As in-house innovation labs falter and the competitive landscape picks up, retailers are buying up technology companies to gain an advantage — and take back control.
- This week, McDonald’s purchased Dynamic Yield, a marketing technology and data processing company, for $300 million in order to get customers smarter product recommendations online and in the drive-thru lane.
- In February, Walmart purchased Aspectiva, an AI solution that collects product reviews to offer customers more personalized recommendations.
- In 2018, Nordstrom acquired two technology companies, BevyUp and MessageYes, two customer service messaging platforms, to connect store employees with customers to respond to questions and give styling tips in the Nordstrom app.
- In November, Ulta bought QM Scientific and GlamST, two AI and augmented reality startups, to build in new technologies into its digital experience.
- Kroger bought data technology firm 84.51 in 2015 to support its marketing business.
- Target bought last-mile delivery service Shipt in 2017 to help figure out localized deliveries and store fulfillments.
Analysts expect more retailers and retail brands to buy up tech players that have spent years establishing themselves as market leaders in categories like ad tech, big data processing, AI and machine learning, personalization, delivery and cross-channel capabilities — anything retailers and brands aren’t inherently skilled at, but need to master now to compete in an era where Amazon dominates the industry.
“The activity of acquisitions reinforces the point that retailers of all shapes types sizes are trying to leverage technology as a competitive advantage, close any customer experience gaps,” said Brian Cleary, vp of marketing at RedPoint Global. “Then comes the question of buy vs. build — building takes time and timing is everything. The pace of the market is moving fast enough that buying technology and integrating it into a company becomes the better choice.”
The vendors that retailers are now eyeing as potential acquisitions were always available to hire for their services. But now, retailers want to have more control over their data and the tech innovation they used to be okay outsourcing. Acquiring a technology company means that the retailer can tailor its services to its own needs, rather than share its resources with a laundry list of other clients.
What retailers and brands decide to buy gives clues to what tech and expertise are competitive priorities. This can vary between retailers, from fast delivery times to augmented reality makeup application, but a unifying factor is to better understand customer data and behavior to improve in-store and digital experiences, personalize marketing messages and make decisions based on insight that’s been collected.
“For retailers, online and offline retail was treated as separate entities and now companies are working to integrate these systems and getting them to talk to each other,” said Kelly Davis-Felner, the head of North America marketing at Bazaarvoice. “E-commerce was a hobby for a lot of these companies, and that’s when they thought they could build a lab and hire a few engineers. Now, it’s a substantial part of business, and that means substantial investments.”

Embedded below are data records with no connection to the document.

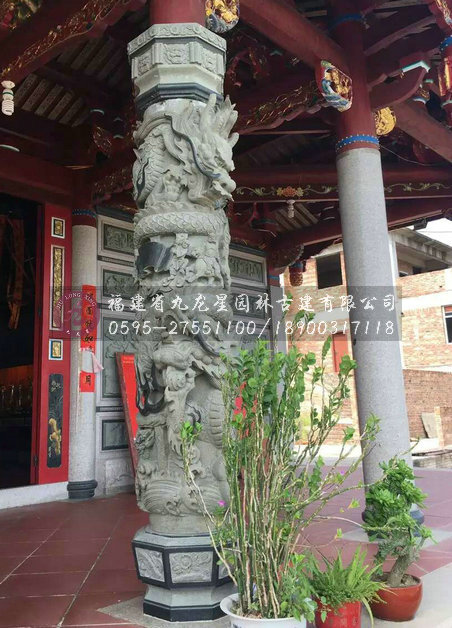 青石龍柱自清代以后大量出現(xiàn),因青石“韌”,宜精雕細(xì)刻。若按鏤雕深淺計(jì)算,具體可分為蟠龍柱、人物柱、花幕柱、八仙柱等;龍柱則又有淺浮雕與高浮雕之別,“白龍”柱基本是淺浮雕,而“青龍”基本是透析度極高的高浮雕。在龍的數(shù)量上區(qū)分,有單龍的盤(pán)繞柱,雙龍戲珠的柱子。而最為別致的是,“福龍”系列中聚成了閩南石雕龍柱的靈魂、寄托閩南人民的希望的“翻天覆地龍柱”。此外,可以按石柱本身的形狀分為方柱、八棱柱、六棱柱等等。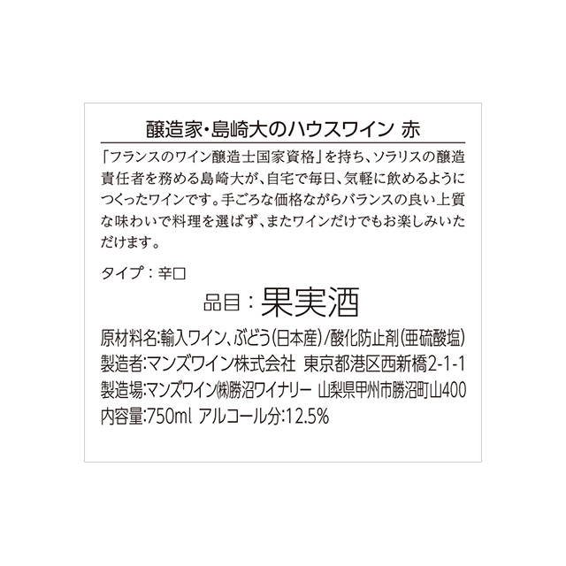 「フランスのワイン醸造士国家資格」を持ち、ソラリスの醸造責任者を務めた、マンズワイン社長の島崎大が、自宅で毎日、気軽に飲みたいと思えるワインをアッサンブラージュ(複数種のワインをブレンド)して造りました。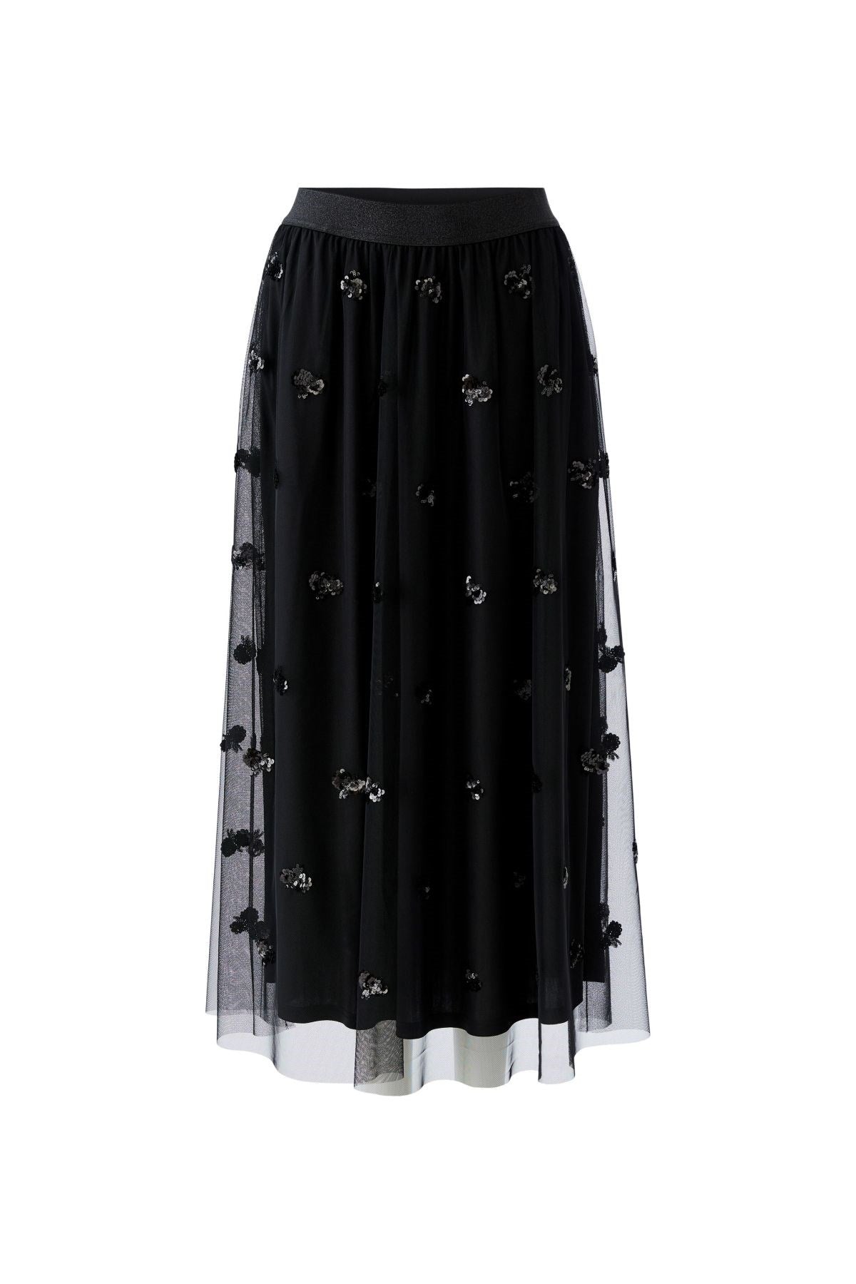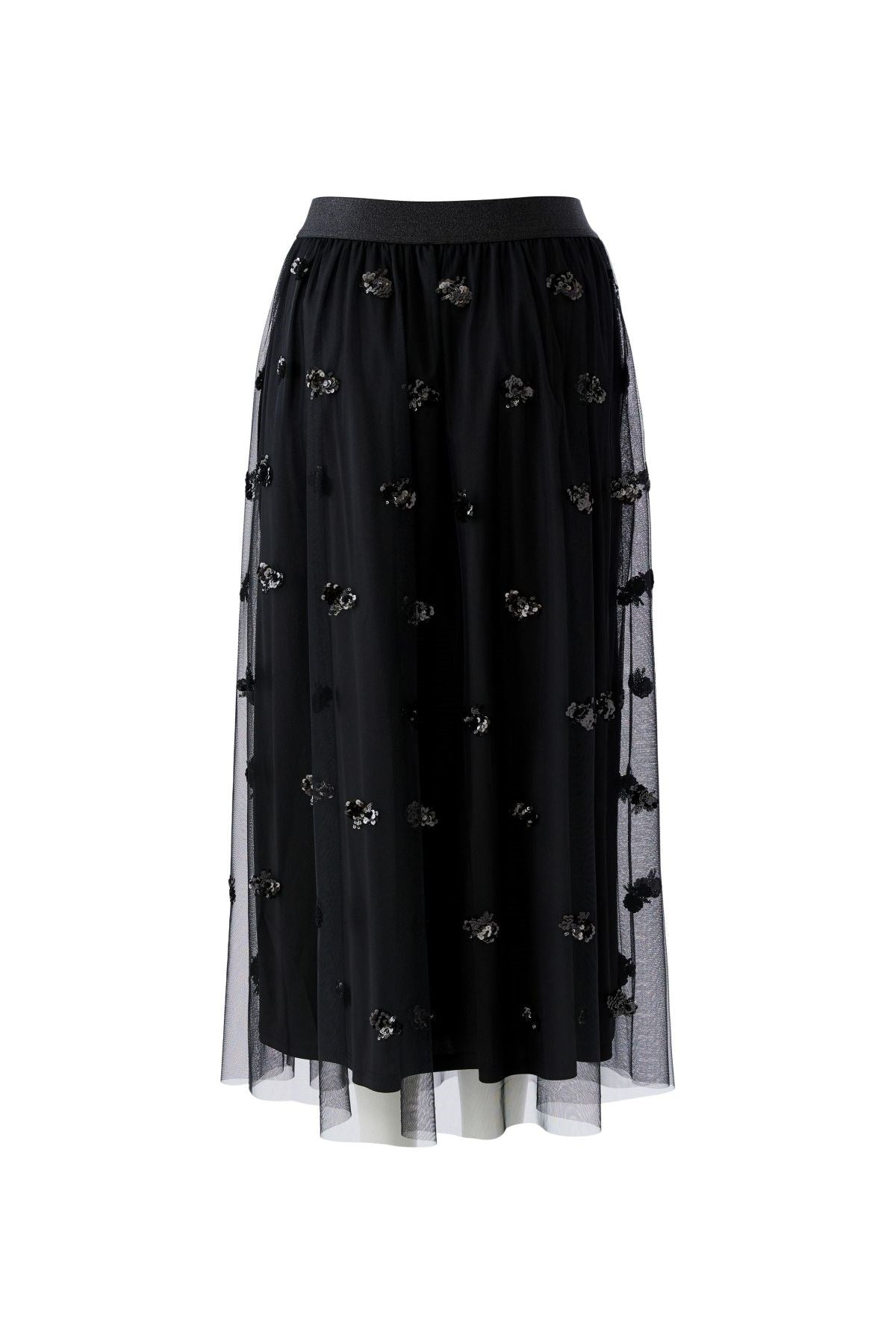 Rêveuse et décadente, cette jupe midi en tulle scintille grâce à ses délicates paillettes disséminées sur sa superposition transparente. La ceinture souple et froncée offre un confort optimal tout en conservant une silhouette raffinée. Idéale pour ajouter une touche d'éclat à vos tenues de soirée comme à vos looks chics de jour.
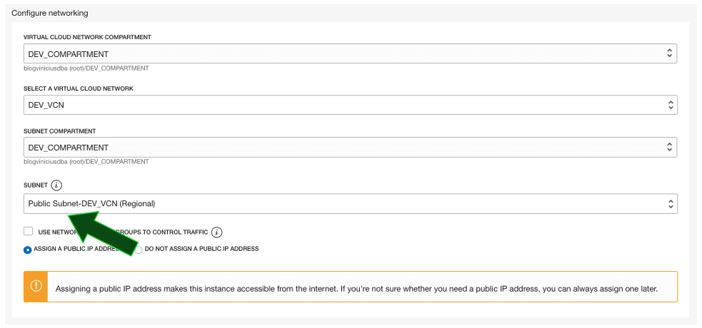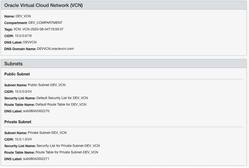 Virtual Cloud Network Compartment: DEV_COMPARTMENT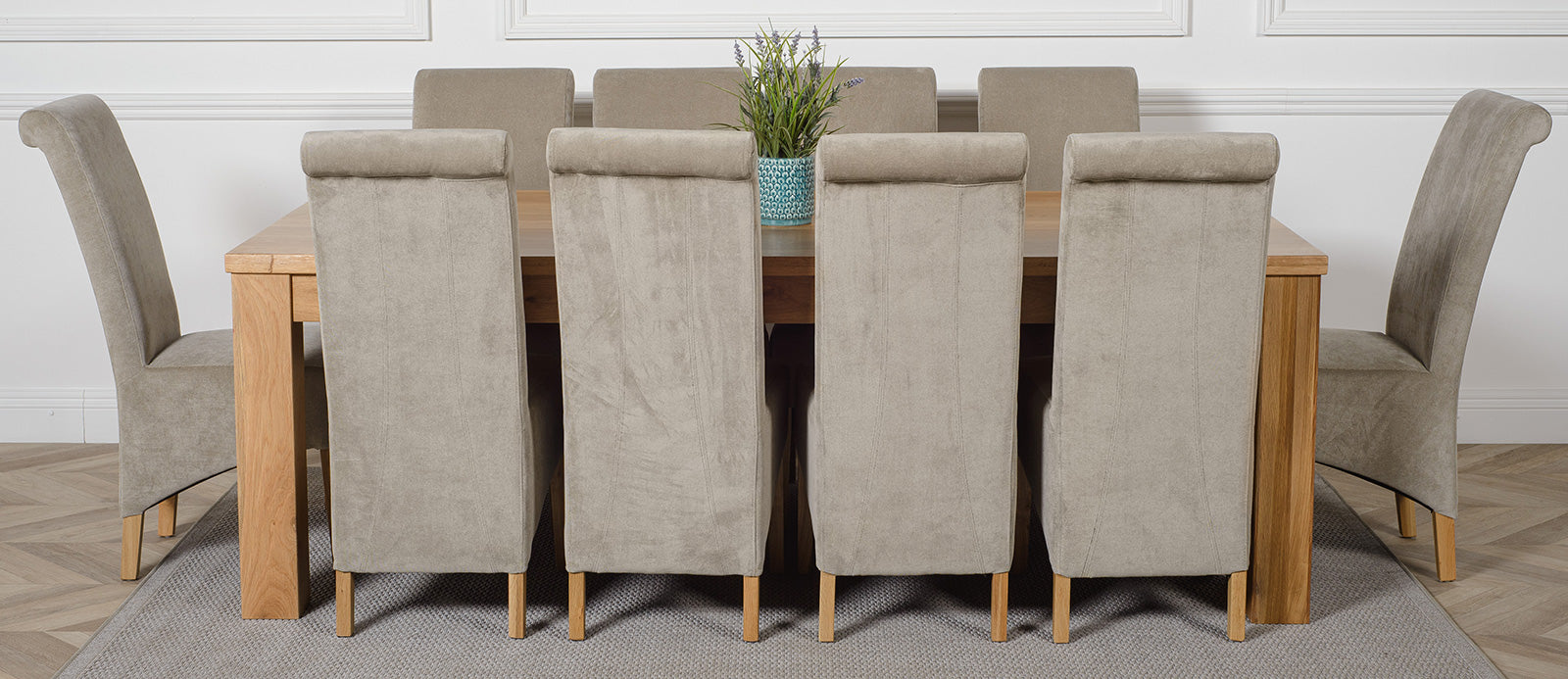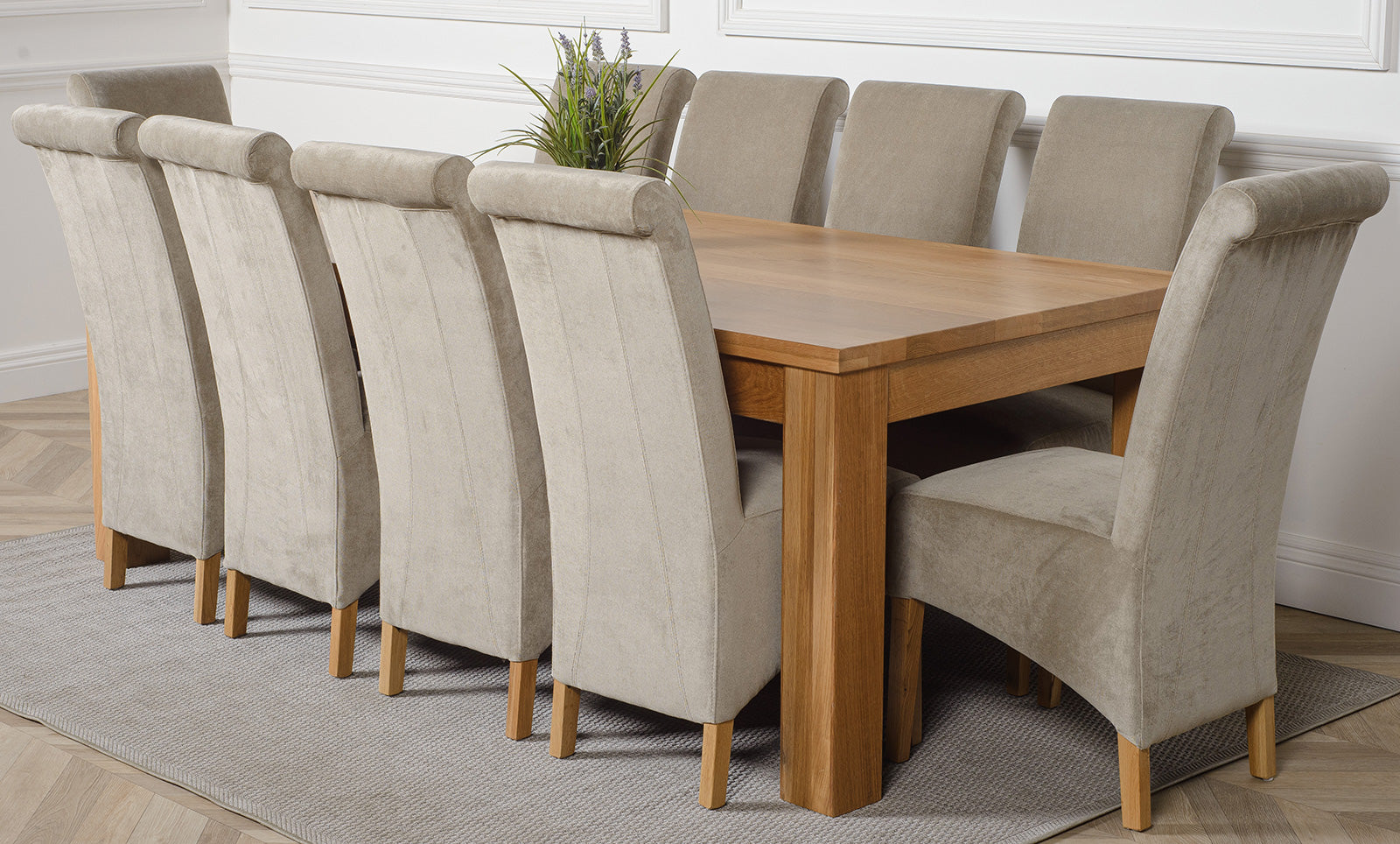 This dinner table and chairs set comes with 10 Montana dining chairs upholstered in luxurious grey fabric with oak legs, hardwood frames and sprung seats for exceptional comfort and durability.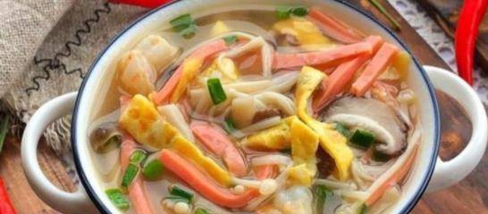 3、放雞蛋火腿絲、蝦仁、雞蛋絲。加生抽調味。加1g鹽調味。煮開撒蔥花。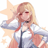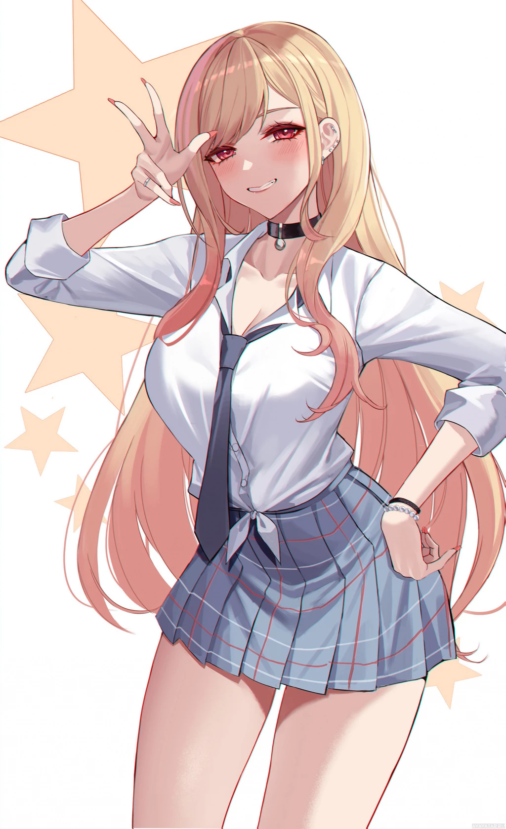 blonde hair, wearing a white shirt and what looks like a school uniform, including a blue plaid skirt. She's posing confidently with one hand on her hip and the other making a "V" sign with her fingers. The background has a starry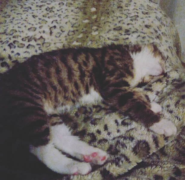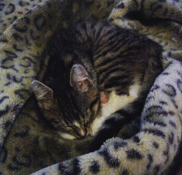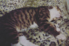 Полосатая кошечка с белыми пятнами. Белые лапы. Оранжевые глаза. Кличка Айя. Пугливая, застенчивая.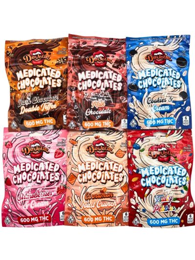 DEVOUR 600MG MEDICATED CHOCOLATES $12.00   Cash Price: $11 / Unit   •100MG Per Piece •6X Flavors °Cookies & Cream °Cinnamon Toast Crunch °Fruity Pebbles °Dark Chocolate Double Toffee °Milk Chocolate °Strawberries & Cream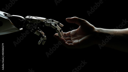 Human and robot hands reaching out, AI, Machine learning, Robot and human touching on big data, Science and artificial intelligence digital technologies of futuristic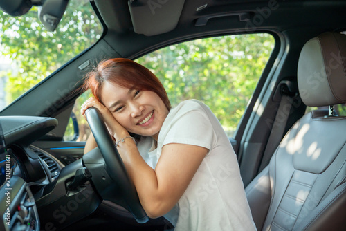 Young and cheerful woman enjoying new car hugging steering wheel sitting inside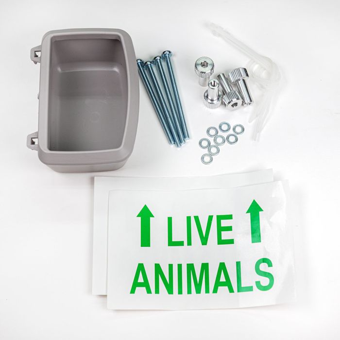 Pakkaus sisältää oven ritilään asennettavan kupin, pultit, sekä kuljetusboksiin lisättävät "Live animals" -tarrat.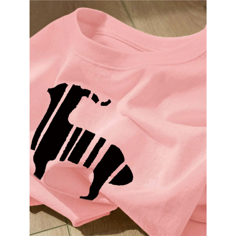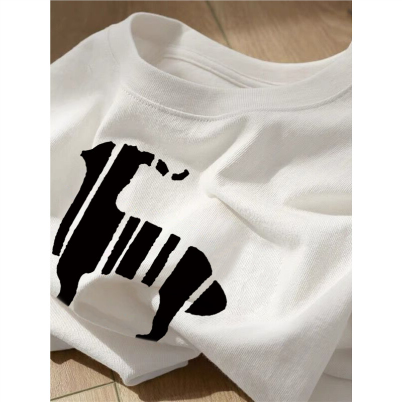 2025夏季新款灰色纯棉短袖t恤女宽松百搭卡通印花时尚减龄上衣潮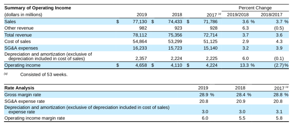 2019 total revenue, gross margin rate and operating income margin rate increased compared to 2018. Walmart’s YoY increase in the latest year’s revenue is 1.9%, lower than what Target posted. Considering the cut-throat competition that Target is in, that increase in the top line and margin should be a positive sign.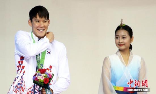 2014年9月22日,仁川亚运会游泳比赛在文鹤朴泰桓游泳馆展开第二日争夺,朴泰桓率领韩国队夺得男子4X200米自由泳接力铜牌。颁奖典礼上,魅力十足的朴泰桓引来礼仪小姐崇拜的目光。中新社记者 汤彦俊 摄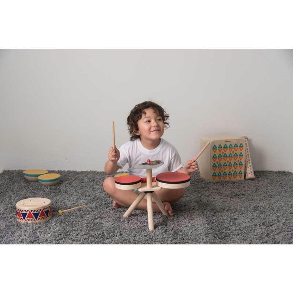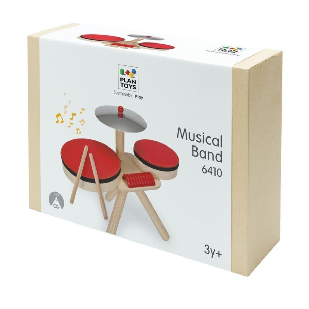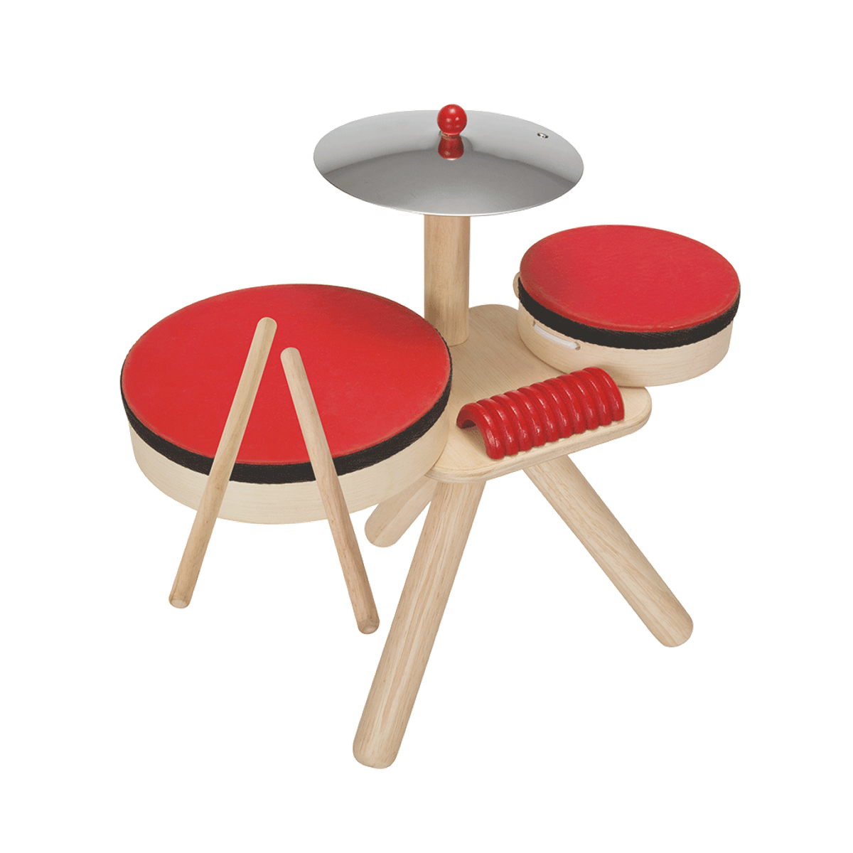 Is your little one ready to take center stage? This Musical Band Includes 2 differently-sized drums, a pair of drumsticks, a cymbal and a guiro. The set stands over 13 inches tall and is perfect for an active toddler.Additionally, the drumheads are made from fabric coated with natural rubber, making for a gentle yet realistic musical experience.

Who could be next? Cleary anticipates we’ll see copy-cat acquisitions from tech-forward fast-food chains, like Dominos. Walmart has been reportedly eyeing RichRelevance, a personalization technology platform.
“Personalization — which really just means serving customers the right messaging and recommendations at the right time — is top of mind. Retailers haven’t been able to crack this on their own. They’ll start paying,” said Davis-Felner.
Athleta makes a wellness push
Athleta, Gap’s women’s athleisure brand, announced Thursday that it’s teaming up with Well+Good to host monthly wellness-related events in its stores around the country. Its first event, to be held on Saturday in New York, will feature talks focused on “four key elements of holistic wellness that fuel overall health and athleticism: mind + body, finance, self-care, and community.
It’s emblematic of the push being lead by brands like Nike and Lululemon, to re-envision athletic wear stores as “community spaces,” that offer more than just free workout classes. Athleta only has 160 stores compared to Lululemon’s 440, one of its biggest competitors. The event push will give Athleta more insight into how much foot traffic it can drive to stores, and how to position them as community spaces. Gap said during its fourth quarter earnings call that it planned to open more Athleta stores, but didn’t exactly say how many. “We continue to see tremendous market share opportunity and runway for growth in 2019 and beyond by leveraging the [Athleta’s] differentiated positioning and purpose-driven mission,” CEO Art Peck said during the earnings call. — Anna Hensel
Amazon v. Google
According to Digiday research, the robust growth of Amazon’s ad business could be bad news for Google.
In a survey of media buyers conducted by Digiday this March, 44 percent said their spending on the platform was, to some degree, coming from the reallocation of existing search budgets. That doesn’t mean buyers are yanking spending from Google, but half of all product searches begin on Amazon, meaning that, for retailers and brands, the platform is rivaling Google’s importance in figuring out where to spend.
Other news to know
- Radar, an automated inventory management and analytics company, has raised $16 million in funding.
- Lululemon’s fourth-quarter earnings beat estimates on Wednesday, with revenue climbing to $1.2 billion.
- Walgreens will join CVS on the CBD bandwagon, selling infused products in select stores this year.
- Simon Property Group will test an online shopping platform for its outlet stores.